Divorce and I-751 Waiver Issues

Your website is very useful and informative.

I came here with a spousal visa and was granted conditional permanent resident status. It will expire in April of next year. Unfortunately, my marriage didn’t work and my husband, a US Citizen, left and went back to my country as he likes to live there. We decided to get divorced. Now my divorce is final. Can I file the waiver now? Is it ok to file ahead of time, before the 3 months prior? If so, can I file myself or should I hire a lawyer to help me? What should I submit aside from the form I-751?

Thanks so much for your time.
—Anonymous

Thank you very much for your kind comment about our website.

You have raised a number of important I-751 issues that I will be pleased to address for you. First, you should realize that your conditional resident status terminates by operation of law on the date of your divorce. This means you must not travel until you file the I-751 waiver, and obtain a receipt from the USCIS. The receipt will state that your resident status is extended, and that your ability to travel and work in the USA continues.

Second, you may and should file the waiver right away to avoid your continuing to accrue unlawful presence in the USA. This is true, even if your conditional green card does not expire soon, for the reason mentioned above.

Third, of course, there is no requirement that you use a lawyer to help you, but clearly, if you retain the services of a qualified immigration lawyer to help you now, your chances of getting an approval on the I-751 waiver are much greater, in my opinion, than if you attempt to file it yourself.

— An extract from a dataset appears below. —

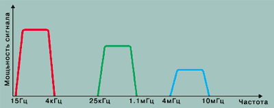 Рисунок 1. Сигналы HomePNA не мешают ни чему. Как именно? Разумеется, при создании технологии, которая позволила бы организовать сеть высокоскоростной передачи данных на базе обыкновенной телефонной линии, не обошлось без определенных трудностей. Например, при использовании технологии Ethernet со скоростью передачи данных 10 Мбит/с в корпоративных сетях для передачи данных необходимо использовать кабели типа "витая пара". В квартирах же уже имеется готовая телефонная проводка, но по своему первоначальному назначению она не должна использоваться для передачи данных. Создание недорогой технологии высокоскоростной передачи данных по абонентской телефонной линии, имеющей разнообразную и случайную топологию, является достаточно сложной инженерной задачей, которую удалось решить только на базе современной интегральной техники, используемой для высокоскоростной обработки сигнала. Среди основных особенностей технологии организации домашних сетей, альянс HomePNA отметил следующие.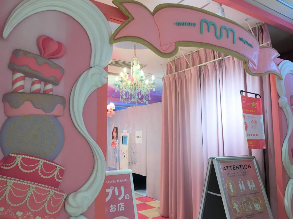 來到6樓有一家貼紙相鋪「moreru mignon」,這裡有著讓人爆發少女心的夢幻裝潢,粉色的佈置與可愛的甜點擺設,單是店內已超好拍!一場來到,花400日幣試試最新款的貼紙相機也不錯,那些放大眼睛與長腿的美圖效果會讓你嚇一跳(笑)

You should submit copies of both front and back sides of the card. You should also submit evidence that shows that your marriage was entered into ”good faith” and was not for the purpose of circumventing immigration laws. According to the instructions furnished by USCIS, you may “submit copies of as many documents as you wish to establish this fact and to demonstrate the circumstances of the relationship from the date of the marriage to the present date, and to demonstrate any circumstances surrounding the end of the relationship, if it has ended. The documents should cover, but not limited to, the following examples:
• Birth certificate(s) of child(ren) born to the marriage.
• Lease or mortgage contracts showing joint occupancy and/or ownership of your communal residence.
• Affidavits sworn to or affirmed by at least two people who have known both of you since your conditional residence was granted and have personal knowledge of your marriage and relationship. (Such persons may be required to testify before an immigration officer as to the information contained in the affidavit.) The original affidavit must be submitted and also contain the following information regarding the person making the affidavit:
• His or her full name and address
• Date and place of birth
• Relationship to you or your spouse, if any; and
• Full information and complete details explaining how the person acquired his or her knowledge.
Affidavits must be supported by other types of evidence listed above.
• Financial records showing joint ownership of assets and joint responsibility for liabilities, such as joint savings and checking accounts, joint federal and state tax returns, insurance policies that show the other spouse as the beneficiary, joint utility bills, joint installments or other loans.
• Other documents you consider relevant to establish that your marriage was not entered into in order to evade the U.S. immigration laws.”